TASK ITEM
Your answer must repeat all of the entries word for word, without any images.
-------
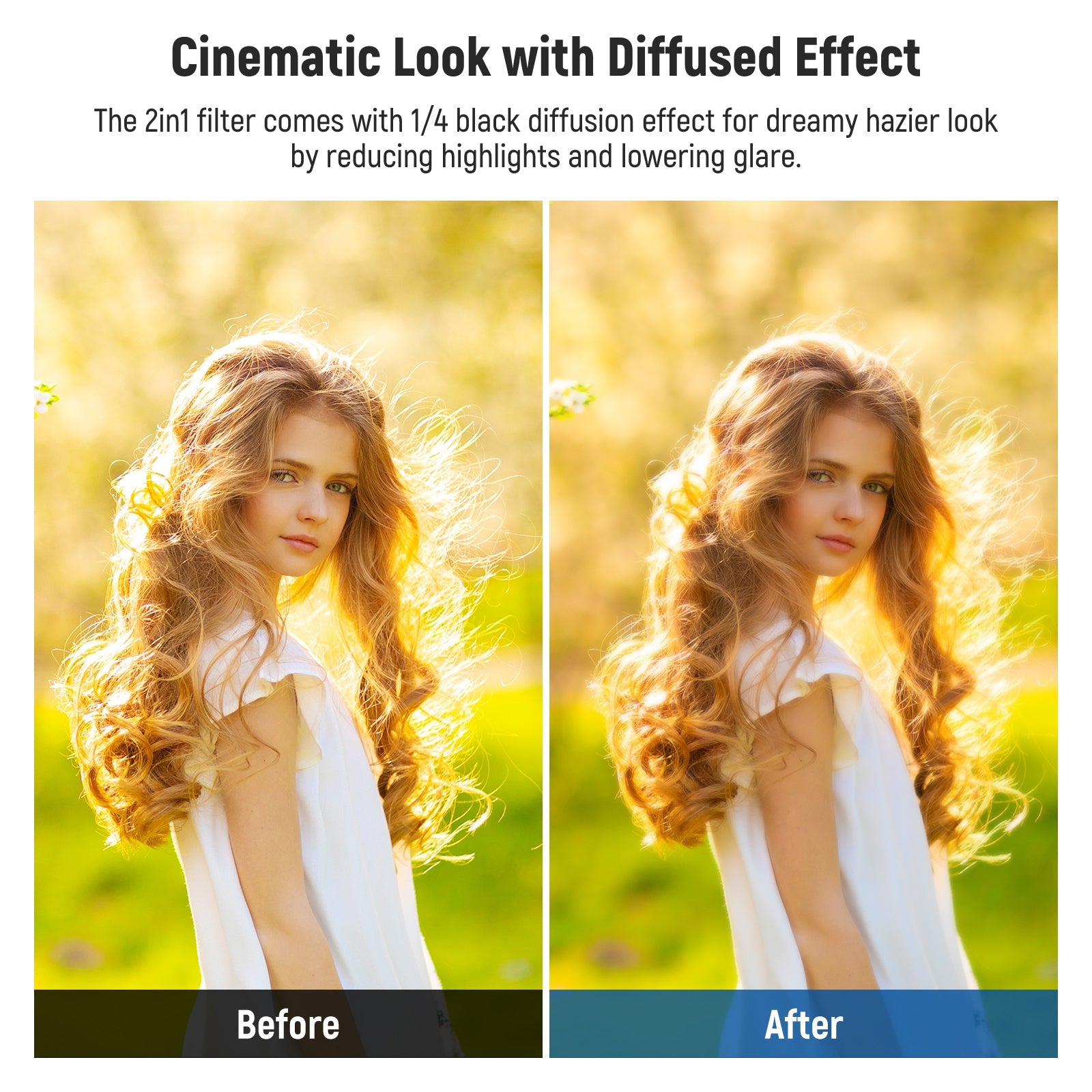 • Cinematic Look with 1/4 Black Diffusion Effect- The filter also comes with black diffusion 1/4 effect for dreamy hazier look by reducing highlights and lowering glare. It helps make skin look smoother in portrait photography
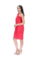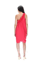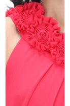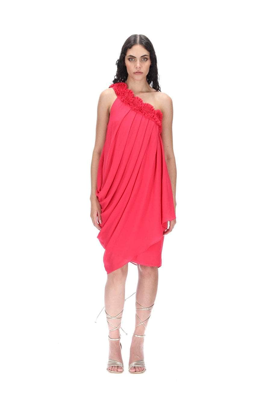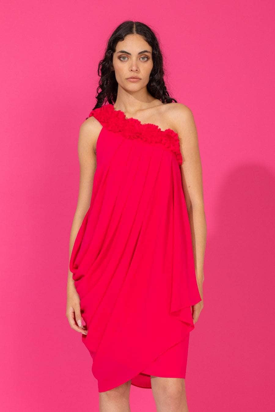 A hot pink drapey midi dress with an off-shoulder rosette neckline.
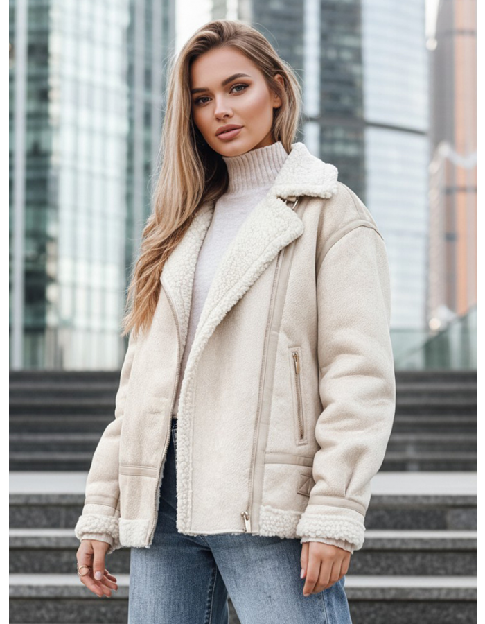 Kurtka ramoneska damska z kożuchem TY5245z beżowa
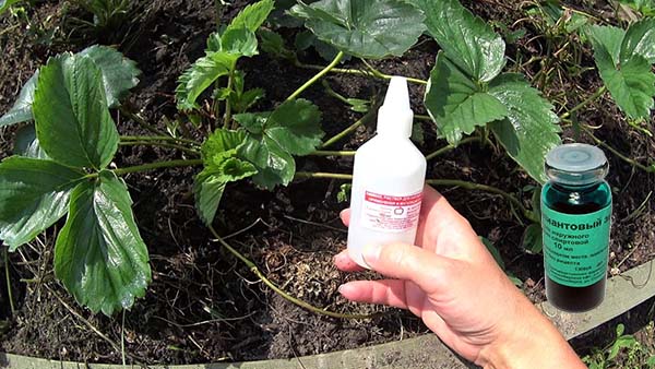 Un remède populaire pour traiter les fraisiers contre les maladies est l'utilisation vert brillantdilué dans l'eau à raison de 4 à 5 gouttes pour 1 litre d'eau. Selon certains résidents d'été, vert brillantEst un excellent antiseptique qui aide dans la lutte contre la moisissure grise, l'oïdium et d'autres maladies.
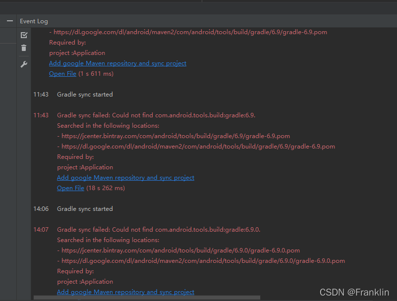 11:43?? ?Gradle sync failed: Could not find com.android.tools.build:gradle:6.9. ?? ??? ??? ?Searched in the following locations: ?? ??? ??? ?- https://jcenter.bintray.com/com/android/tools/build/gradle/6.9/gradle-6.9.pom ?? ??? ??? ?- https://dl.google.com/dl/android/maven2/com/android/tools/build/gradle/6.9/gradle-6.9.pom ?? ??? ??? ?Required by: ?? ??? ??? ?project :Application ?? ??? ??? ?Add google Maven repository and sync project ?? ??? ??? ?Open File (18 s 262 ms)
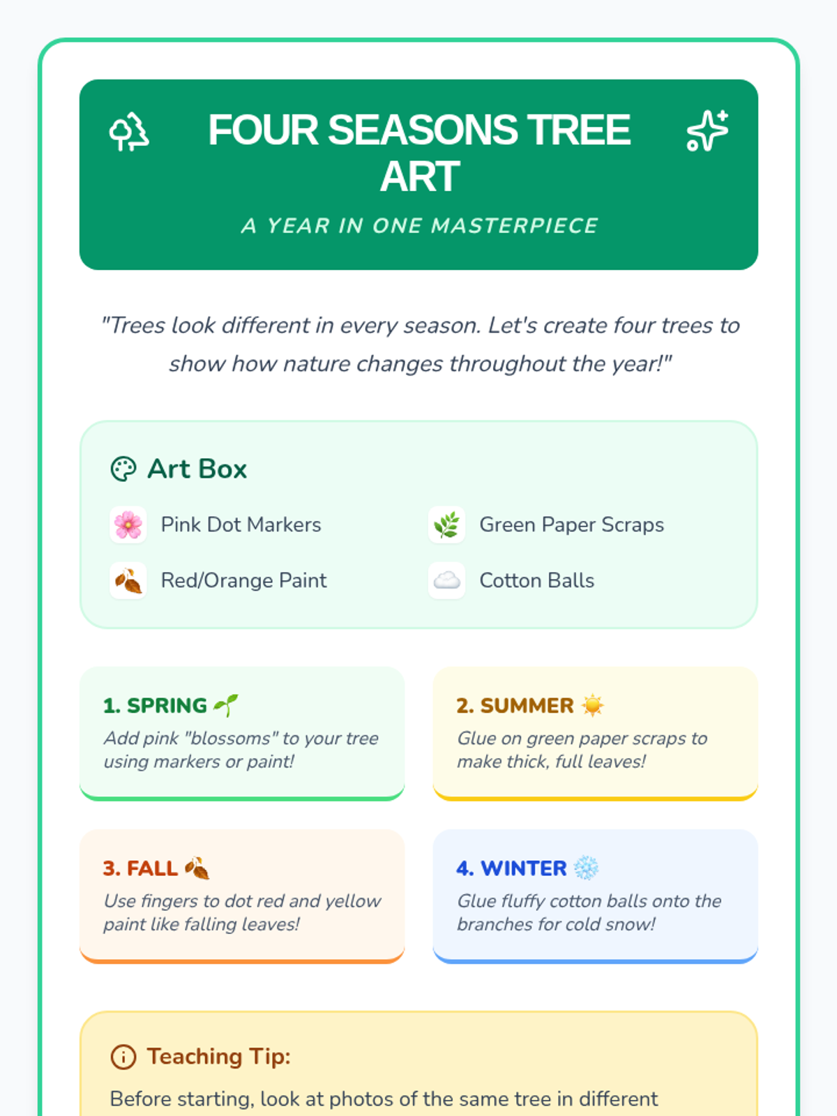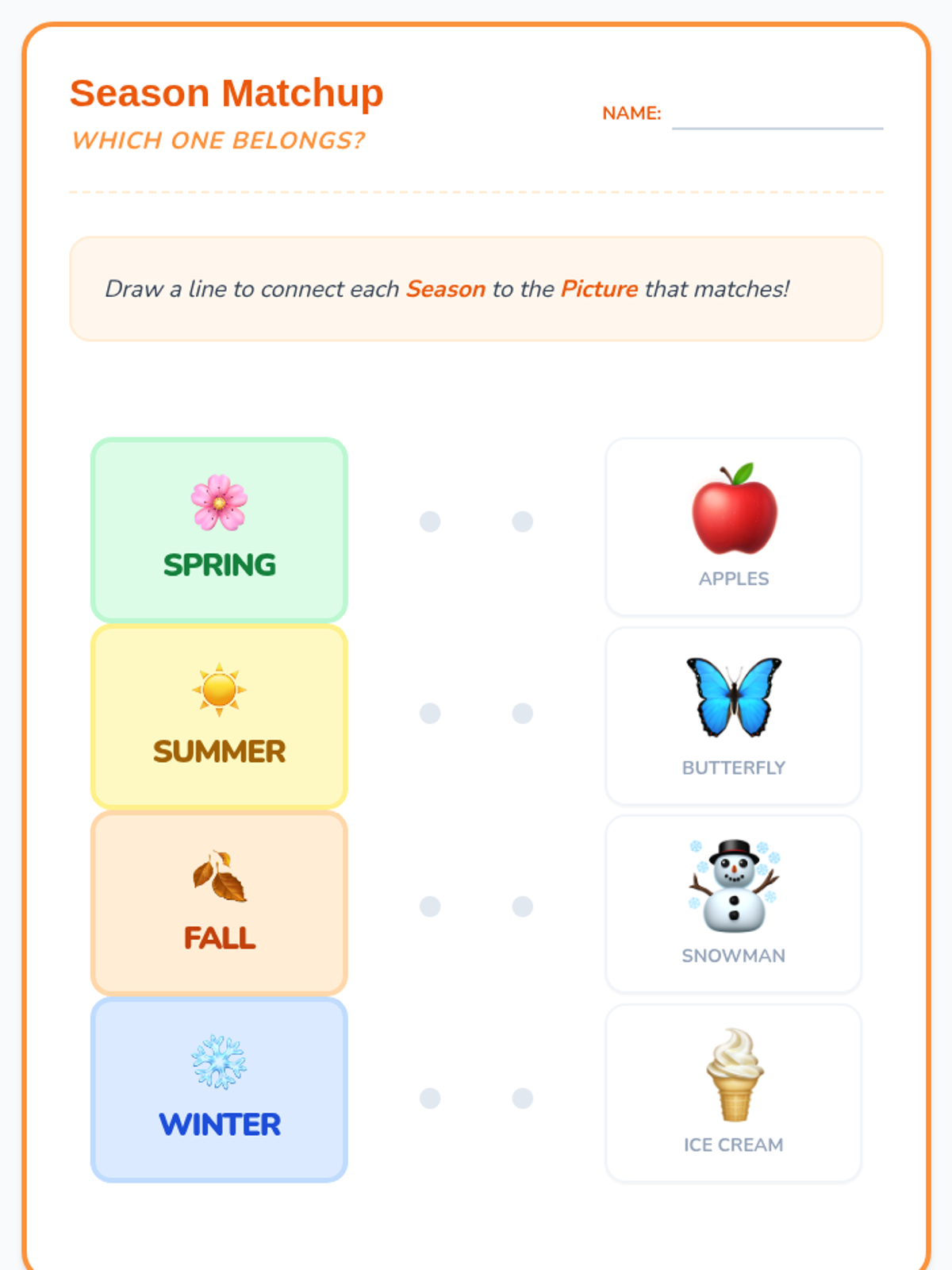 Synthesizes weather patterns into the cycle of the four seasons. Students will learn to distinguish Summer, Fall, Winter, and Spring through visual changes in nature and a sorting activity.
-------
SOLVED PROBLEM
 • Cinematic Look with 1/4 Black Diffusion Effect- The filter also comes with black diffusion 1/4 effect for dreamy hazier look by reducing highlights and lowering glare. It helps make skin look smoother in portrait photography
 A hot pink drapey midi dress with an off-shoulder rosette neckline.
 Kurtka ramoneska damska z kożuchem TY5245z beżowa
 Un remède populaire pour traiter les fraisiers contre les maladies est l'utilisation vert brillantdilué dans l'eau à raison de 4 à 5 gouttes pour 1 litre d'eau. Selon certains résidents d'été, vert brillantEst un excellent antiseptique qui aide dans la lutte contre la moisissure grise, l'oïdium et d'autres maladies.
 11:43?? ?Gradle sync failed: Could not find com.android.tools.build:gradle:6.9. ?? ??? ??? ?Searched in the following locations: ?? ??? ??? ?- https://jcenter.bintray.com/com/android/tools/build/gradle/6.9/gradle-6.9.pom ?? ??? ??? ?- https://dl.google.com/dl/android/maven2/com/android/tools/build/gradle/6.9/gradle-6.9.pom ?? ??? ??? ?Required by: ?? ??? ??? ?project :Application ?? ??? ??? ?Add google Maven repository and sync project ?? ??? ??? ?Open File (18 s 262 ms)
 Synthesizes weather patterns into the cycle of the four seasons. Students will learn to distinguish Summer, Fall, Winter, and Spring through visual changes in nature and a sorting activity.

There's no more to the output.